Work to complete >>
An exact copy of the lines from the start of the material below through the line containing "- V-образный вырез" is the required answer, and it includes no pictures.
----- The data
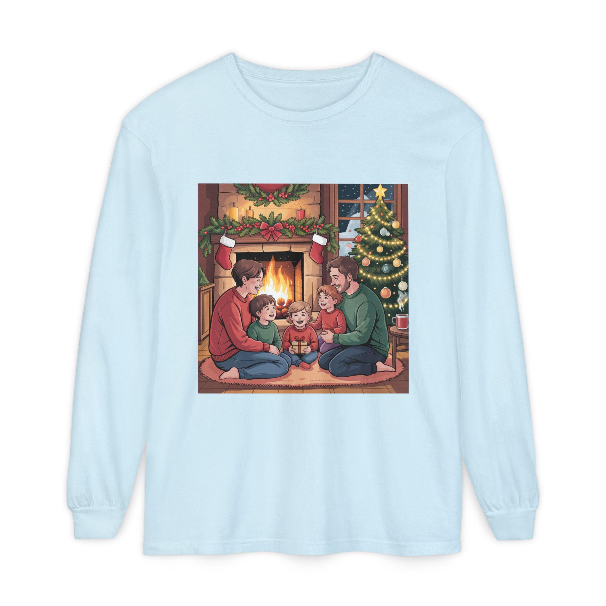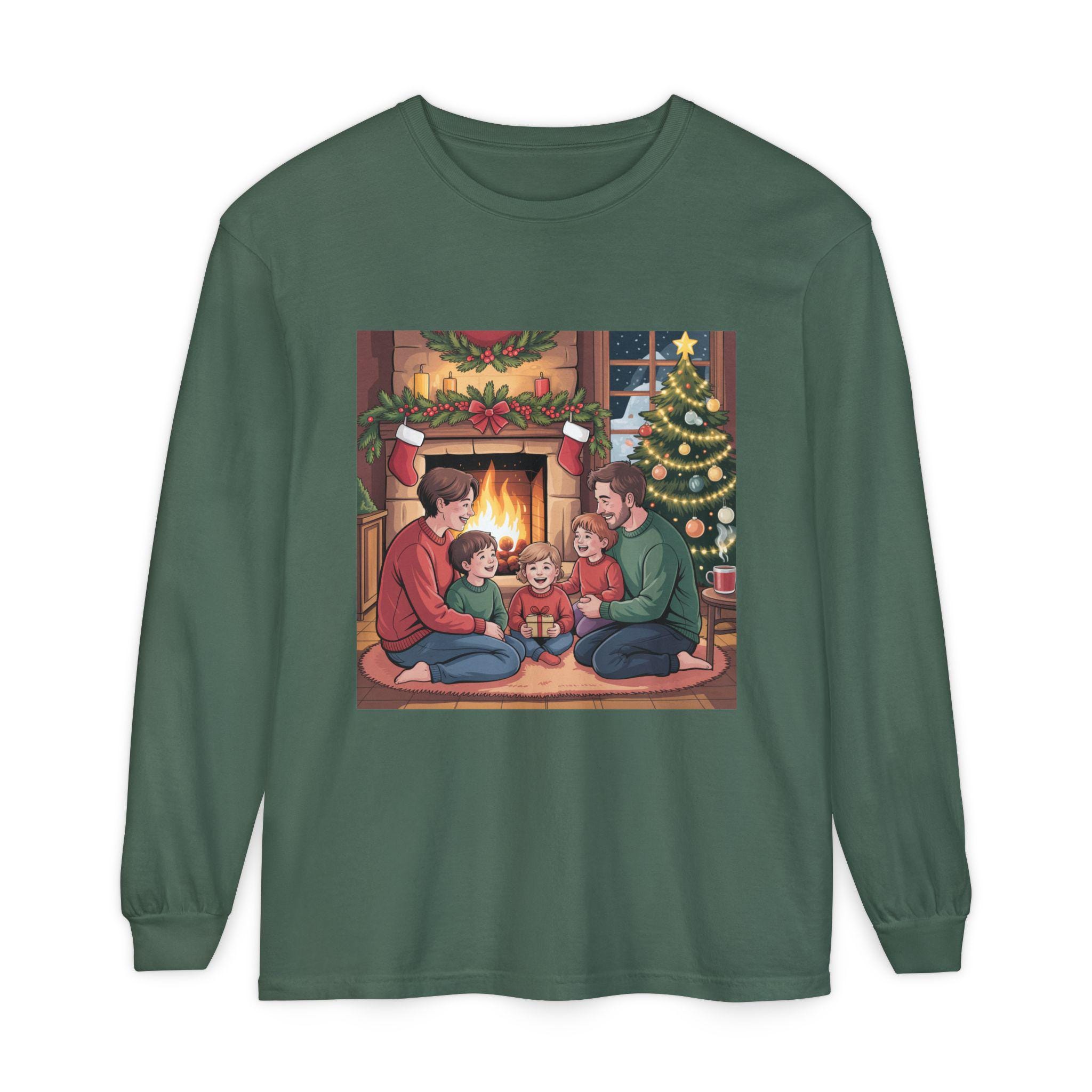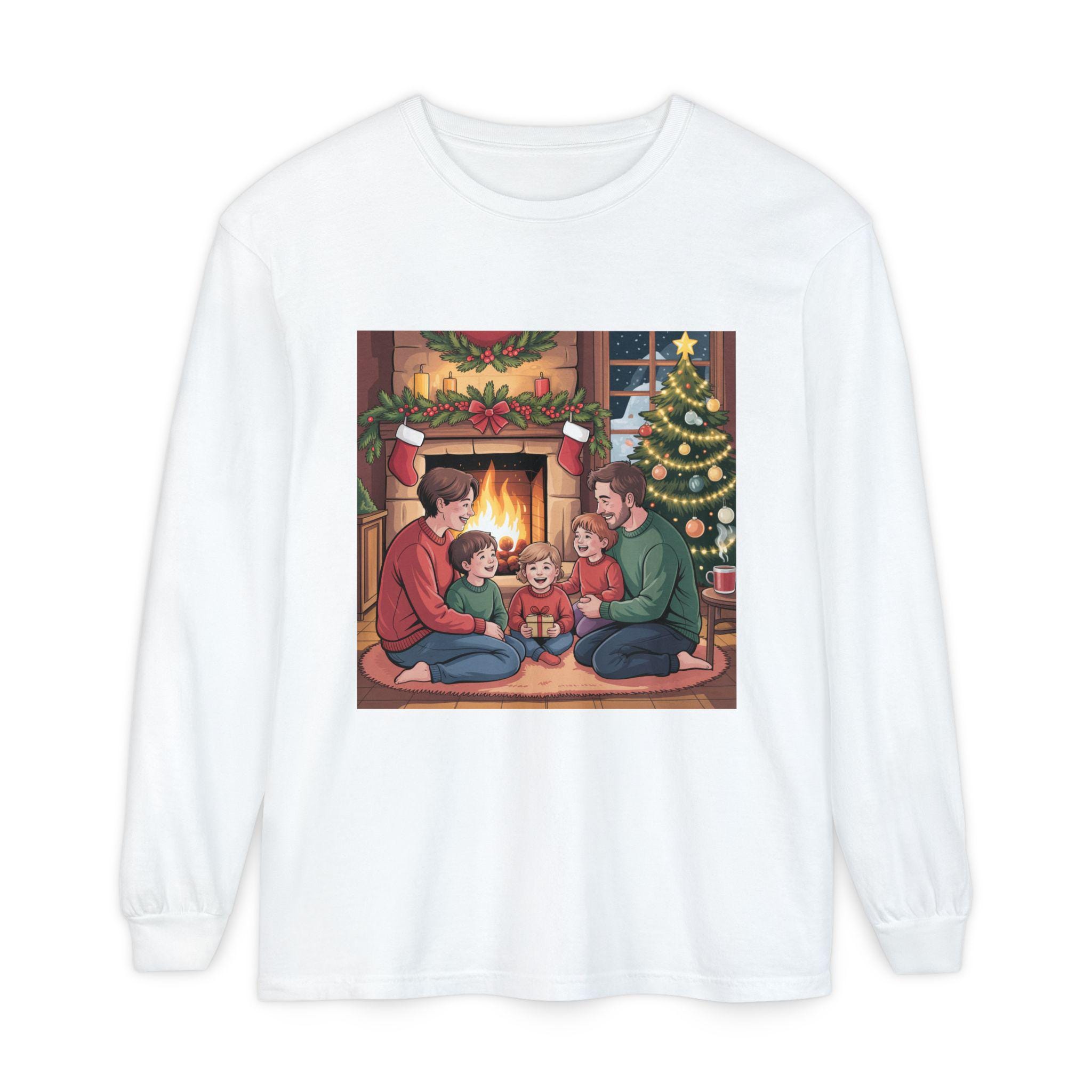 A festive Christmas family-themed long sleeve T-shirt in a unisex style, perfect for the holiday season. Made for adults, this garment-dyed T-shirt features double needle sleeve and bottom hems, ribbed-knit cuffs, neck and shoulder tape, and is made from 100% ring spun cotton.
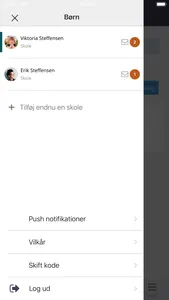 By clicking on the upper left corner you get to the menu for the app, and this is also where you will be able to switch between your children.
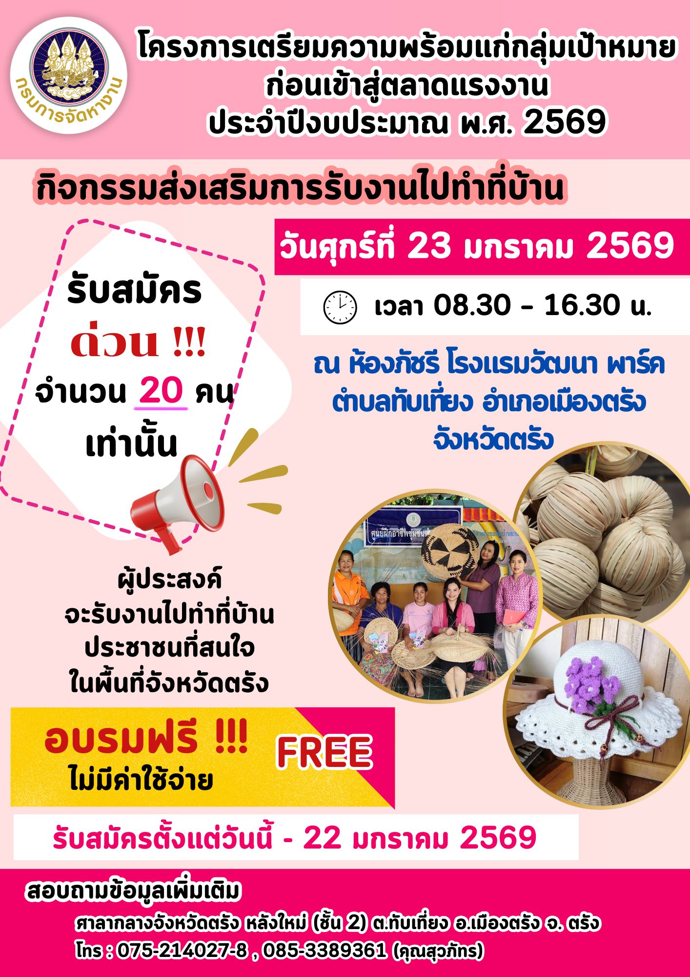สำนักงานจัดหางานจังหวัดตรัง รับสมัครผู้ประสงค์จะรับงานไปทำที่บ้าน ตามโครงการเตรียมความพร้อมแก่กลุ่มเป้าหมายก่อนเข้าสู่ตลาดแรงงาน กิจกรรมส่งเสริมการรับงานไปทำที่บ้าน ประจำปีงบประมาณ พ.ศ. 2569
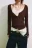 - V-образный вырез кардигана. Имитация майки с широким круглым вырезом и широкой бретелью на шее. Длинные облегающие рукава с прямыми манжетами и спущенной линией плеча. Застежка на пуговицы по всей длине спереди
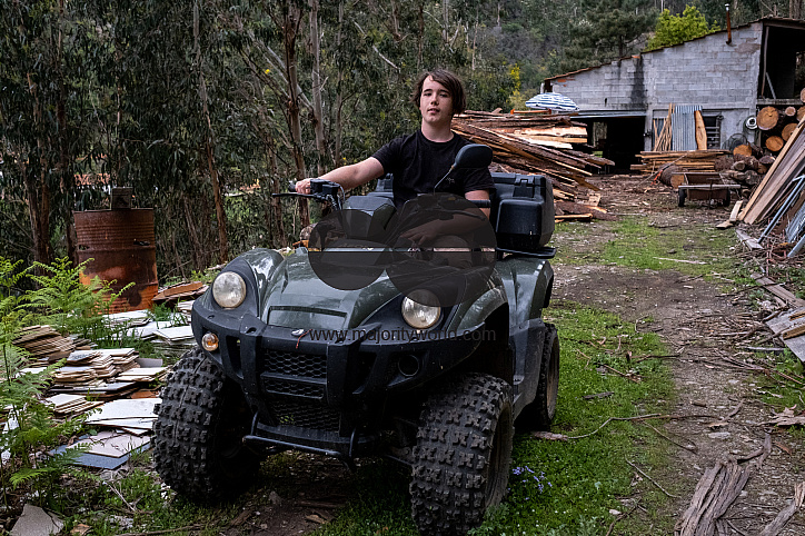 People involved in carpentry work at the eco-village of Loural in the mountains of central Portugal. Here, the Klein family and their partners have been working on an ambitious project to rehabilitate a small village that has been abandoned since the year 2000 into an eco-location. On 30 hectares, the aim is to improve the ecosystem by practicing organic agriculture, reforestation and the production of green energy. The small stone village is moving towards food and energy autonomy and its vegetation is gradually coming back to life. The place is starting to provide integrative health training and artistic activities, its final vocation. Loural, Coimbra region, Portugal.
----------
Solution below >>
 A festive Christmas family-themed long sleeve T-shirt in a unisex style, perfect for the holiday season. Made for adults, this garment-dyed T-shirt features double needle sleeve and bottom hems, ribbed-knit cuffs, neck and shoulder tape, and is made from 100% ring spun cotton.
 By clicking on the upper left corner you get to the menu for the app, and this is also where you will be able to switch between your children.
สำนักงานจัดหางานจังหวัดตรัง รับสมัครผู้ประสงค์จะรับงานไปทำที่บ้าน ตามโครงการเตรียมความพร้อมแก่กลุ่มเป้าหมายก่อนเข้าสู่ตลาดแรงงาน กิจกรรมส่งเสริมการรับงานไปทำที่บ้าน ประจำปีงบประมาณ พ.ศ. 2569
 - V-образный вырез кардигана. Имитация майки с широким круглым вырезом и широкой бретелью на шее. Длинные облегающие рукава с прямыми манжетами и спущенной линией плеча. Застежка на пуговицы по всей длине спереди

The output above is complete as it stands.